From 25 May 2026, Lara Translate moved from a seat-based model to one built around a shared monthly character quota. The previous model counted users. The new one counts usage.
A Pro plan covers a single account. A Team plan supports unlimited users, all drawing from the same character pool. You invite as many people as you need; the only variable that drives cost is how much the team actually translates.

How the quota works. Characters are shared across all plan features: text translation, document translation, audio translation, image translation, and the Interpreter. Each feature applies its own consumption logic. Document translation has a minimum charge of 20,000 characters per document on paid plans. Interpreter usage is measured in seconds and converted to an equivalent character count. One pool, varying consumption rules depending on what you are translating.
If a team exceeds their monthly quota, they are not cut off. Overage is charged at a fixed rate per additional million characters, applied only to consumption beyond what the plan includes. The Free plan also gets more room under the new model, which makes it easier to test Lara Translate properly before committing to a paid tier.
See the full pricing details on the Lara Translate pricing page.
Try Lara Translate on the new pricing model
Usage-based billing. Unlimited users on Team. Pay for what you actually translate.
What is the new Images tab in Lara Translate?
Image translation now has its own tab in the main navigation. Before this update, Lara Translate supported 72 formats in total: 61 document file types and 11 image formats. Both lived under the same translation surface, which meant reaching image translation through a path built primarily for PDFs, spreadsheets, and localization files.

That was a detour that did not need to exist. The dedicated Images tab gives image translation its own entry point. The supported formats are immediately visible when you arrive: AVIF, BMP, GIF, HEIC, HEIF, PNG, JPG, JPEG, TIF, TIFF, and WEBP. Nothing changed about what Lara Translate can handle. The separation just makes it faster to find and use.
For teams translating marketing assets, product screenshots, or any visual content with embedded text, the workflow is now a single click from the homepage rather than a navigation step inside the document flow.

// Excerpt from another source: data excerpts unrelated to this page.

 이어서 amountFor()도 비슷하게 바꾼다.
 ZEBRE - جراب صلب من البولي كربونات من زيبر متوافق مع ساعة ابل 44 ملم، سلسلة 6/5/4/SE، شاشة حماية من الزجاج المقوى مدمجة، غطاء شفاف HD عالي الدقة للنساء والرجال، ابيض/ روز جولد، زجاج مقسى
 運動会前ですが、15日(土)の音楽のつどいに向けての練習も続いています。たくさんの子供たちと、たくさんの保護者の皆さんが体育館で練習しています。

Open the Images tab in Lara Translate.
What is new in the Lara Translate Browser Extension?
The Browser Extension now supports document and file translation directly from the sidebar. You can drag and drop a file into the sidebar and translate it without leaving the browser or opening a new tab. No switching to the web app, no copying content across windows.

This makes the extension a more complete translation surface inside Chrome. It now handles page translation, selected text, free-form text input, and full document translation from the same place. The extension has been growing steadily, and that growth is what is driving continued investment in it: more people using it means more workflows to support, and page translation alone was not covering all of them.

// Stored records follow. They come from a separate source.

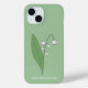 Ein grüner Handykoffer mit botanischer Lilie der Blume im Tal in Pastellfarben (Convallaria majalis) und einem anpassbaren Text am unteren Rand: perfekte Geschenkidee für ein Mädchen, das Blume Liebe. Lily of the Valley ist die Blume der Geburt im Mai, die Blume des Taurus und ist symbolische Bedeutungen von Liebe, Glück, Reinheit, Mutterschaft und Demut.
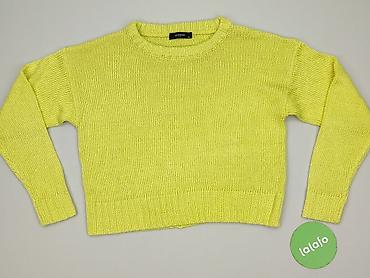 Sweter damski Reserved (yl) – rozmiar S - Kolor: neonowy żółty/limonkowy - Fason: luźny, lekko oversize; dół i mankiety z delikatnym ściągaczem - Rękaw: 3/4 - Dekolt: łódka - Splot: ażurowy, przew...
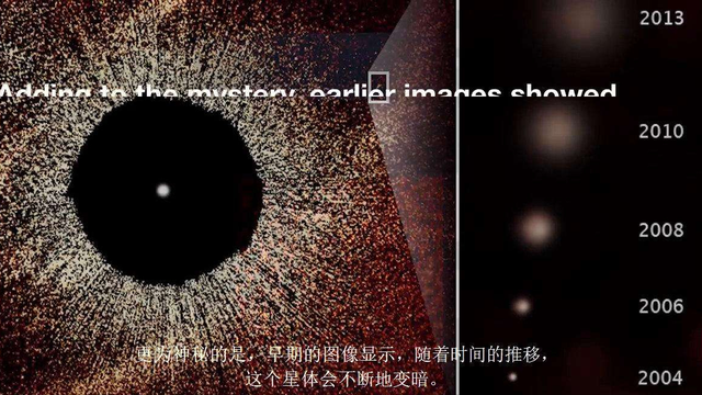在这个充满氢原子的环带的影响下,北落师门发出的光被环带散射,形成一圈红色的光晕,就好像《指环王》中邪恶的而这也是唯一一颗能直接在可见光波段拍摄到的系外行星,难度不亚于隔着太平洋拍摄蚊子腿上的细菌。 但这颗距离地球25光年的系外行星,在随后更加细致的观测过程中,却开始逐渐变得诡异起来,因为它消失了。

Get the Lara Translate Browser Extension for Chrome.
What is new in the Lara Translate mobile apps?
May brought meaningful updates to both iOS and Android, covering the Interpreter, onboarding, and image translation.
Interpreter
The Interpreter now lets you start speaking immediately while the connection is established in the background. The waiting screen before a session is gone. Speech recognition for low-volume speech has also been improved, making the Interpreter more reliable in quieter or less controlled environments. Microphone permissions are now requested proactively when you open the Interpreter section, so first-time setup does not interrupt an actual interpretation session.
iOS onboarding
Login and sign-up on iOS have been updated to use native platform capabilities, making the flow faster and reducing how much you need to type manually when setting up a new account.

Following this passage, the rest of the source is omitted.